In 2010, things were different.  Congressman Christopher Smith of New Jersey, Chairman of the relevant subcommittee covering Africa of the House Committee on Foreign Affairs pressed the issue and it was eventually reported in the Daily Nation that Smith had received a report from the USAID Inspector General that “found that US funding did go specifically to encourage “Yes” vote on referendum.”  In that situation, however, the Government of Kenya was not complaining because Kibaki himself, along with former “Orange” leader Raila Odinga as Prime Minister, was supporting the Amended Draft.  The Amended Draft was jiggered to accommodate the negotiated interests of most political leaders in the “government of national unity” around both Kibaki and ODM.  There was some organized opposition led by William Ruto which outpolled the Draft in the Rift Valley, but only there.  At the time, Ruto was on the outs with both the President’s faction and with ODM, among other things from pressure tied to allegations about participation in post election violence and certain pending corruption allegations, so no one outside his immediate base was too concerned about his position.

Process purists like myself thought it was wrong for the U.S. to let our funding cross into the campaign itself, beyond simply assisting the process–and to deny it if we did do it.  Americans who opposed the Kenyan Draft because of their concerns about the impact of language on the two “contentious issues”–the Khadi’s Courts and abortion–did not like to have their tax dollars used against them in the campaign.  Kenyans who opposed the Draft may have had comparable feelings in regard to U.S. “democracy assistance” spending, but I didn’t pick up on much complaint–given that their own government was campaigning against them, the U.S. funding as a distinct issue would not be the first and most obvious issue about neutrality, even though the sums of money involved were quite huge for Kenya.

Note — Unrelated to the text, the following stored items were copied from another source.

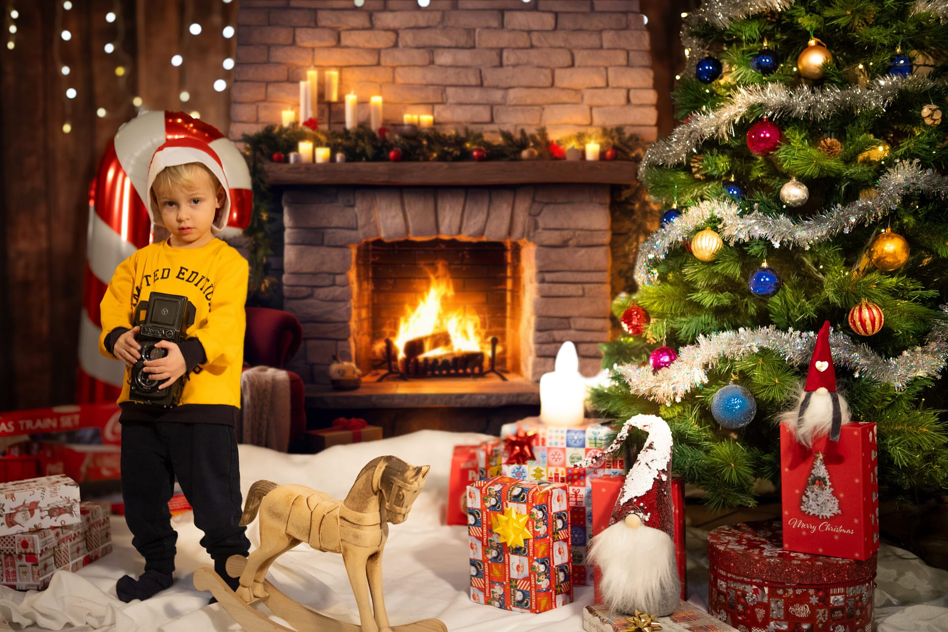 Affidati a Studio fotografico Luci e ombre. Organizziamo sessioni fotografiche di coppia, per bambini e per famiglie proprio nello studio a Villafranca di Verona, con allestimento di una scenografia Natalizia.
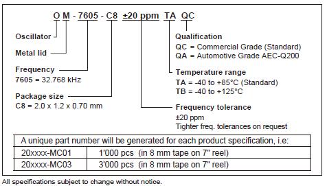 OM-7605-C8-32.768kHz-20PPM-TA-QC,微晶晶振 编码说明
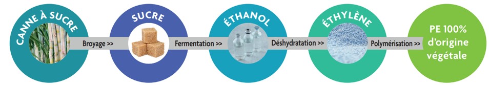 Le PE d’origine végétale, également appelé plastique biosourcé, est fabriqué à partir d’éthanol issu de la canne à sucre. Il possède les mêmes propriétés de protection et de conservation qu’un PE classique, mais sa fabrication est beaucoup plus écologique.
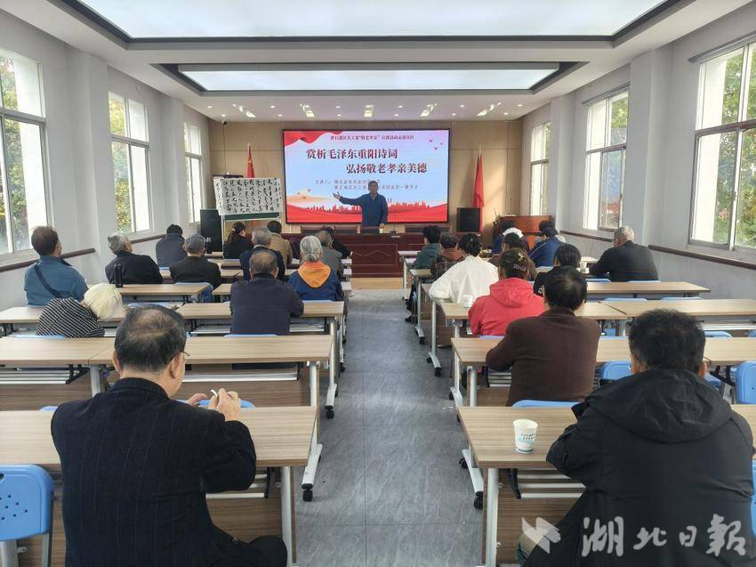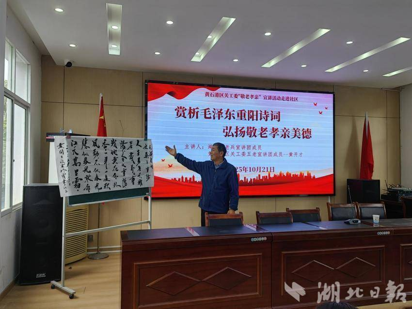 重阳节来临之际,黄石港区覆盆山社区特邀黄石港区关工委“五老”宣讲团成员黄开才,举办“赏析毛泽东重阳诗词 弘扬敬老孝亲美德”主题宣讲活动,吸引了社区老年居民、青少年代表及党员干部共计50余人参与。
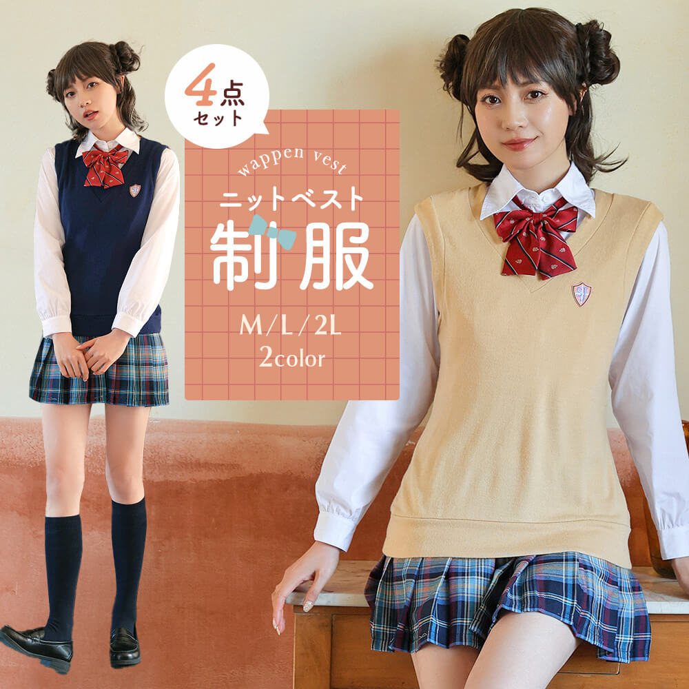 ベスト×ブルーチェックスカート長袖制服セット 3000ポイント 2024.06.26 学園気分を味わうならこちらの制服セットがおすすめ! 赤のスクールリボン、校章風のワッペンがついたベストと長袖シャツ、ブルーチェックの爽やかなスカートで完璧なコーディネートを♪
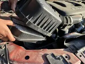 Снимите верхнюю часть корпуса воздушного фильтра двигателя.
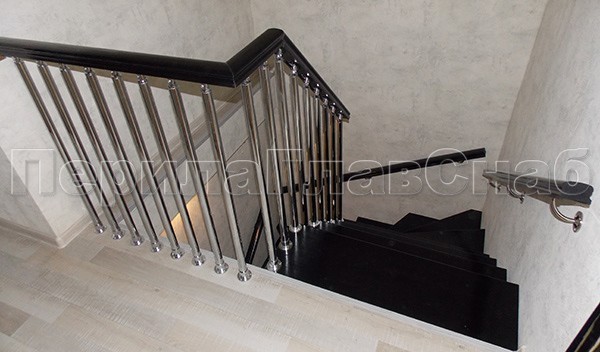 Ограждения с квадратным поручнем со стойками в каждую ступень без ригелей
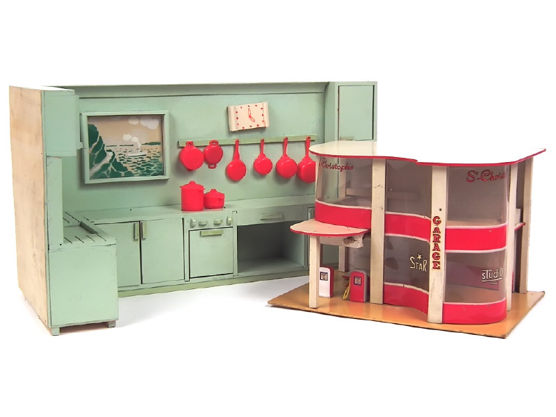 dimensions 34 x 25 x 22 cm - avec 2 pompes à essence, un pont élévateur & un monte-charge - avec éclairage électrique (non testé) - on y joint une cuisine en bois - dimensions : 61 x 25 x 32,5 cm en état 'B' avec 8 ustensiles de cuisine

The other key aspect to the context of 2010 is that there was great pent up public demand for a reformed constitution that had been promised for years. The ” yes” side won in a landslide and surveys afterward showed that Kenyans were approaching unanimity in being glad that the constitution had passed. In this environment, the process details about funding do not seem to have so much actual or perceived political significance.

As far as a 2015 referendum triggered by the current petition drive, I have no idea what approach people in our various foreign policy organizations would take on substance.  In general, I doubt people in the U.S. government would care very much directly one way or the other regarding constitutional amendments now unless something unexpected showed up in a draft late in the game.

I haven’t heard or read anything about “the reform agenda” from Washington in a long time even though it was for some years a constant refrain from the State Department.  “Reform” seems to have happened in 2010 and have borne fruit with the IEBC’s decision on the 2013 election being accepted by the opposition,  challenged only in court.  The lion’s share of “reform agenda” that was envisioned in the 2008 post election settlement has not come to pass–for instance the Truth, Justice and Reconciliation Commission seems to have become just one more Kenyan Commission  producing a report to be somewhat censored then shelved for the edification of future scholars who might want to know more about what has gone wrong over the years.  Likewise, there is nearly universal impunity now settled for all the acts of post election violence, subject only to the three last cases lingering at the ICC–so one way or the other, most people involved will have gone scot free. The biggest substantive recommendation of the Kreigler Commission, which found the whole election in 2007 to have been a bust, was to deploy electronic reporting of the vote tallies from the polling station to Nairobi as opposed to depending on physical carriage of the paper forms.  That single most crucial upgrade was a complete failure in the 2013 election–in circumstances that were left murky–and the IEBC turned out not even to even have a working process to handle the reporting on paper.  Nonetheless, if “we” the United States were going to get too exercised about any of this, surely we would have done so in 2013 when we were faced with the embarrassment of having a relationship with an elected government led by ICC suspects.  Instead we bent over backwards to find ways to praise another poor election process because it wasn’t openly stolen at the the presidential level this time and murder and mayhem didn’t follow.  Now everyone seems to have pretty much gotten used to that formerly unprecedented situation of close diplomatic interaction with ICC suspects.  Bottom line is that I doubt that my government will want to play heavily pro or con in a Kenya referendum in the near future.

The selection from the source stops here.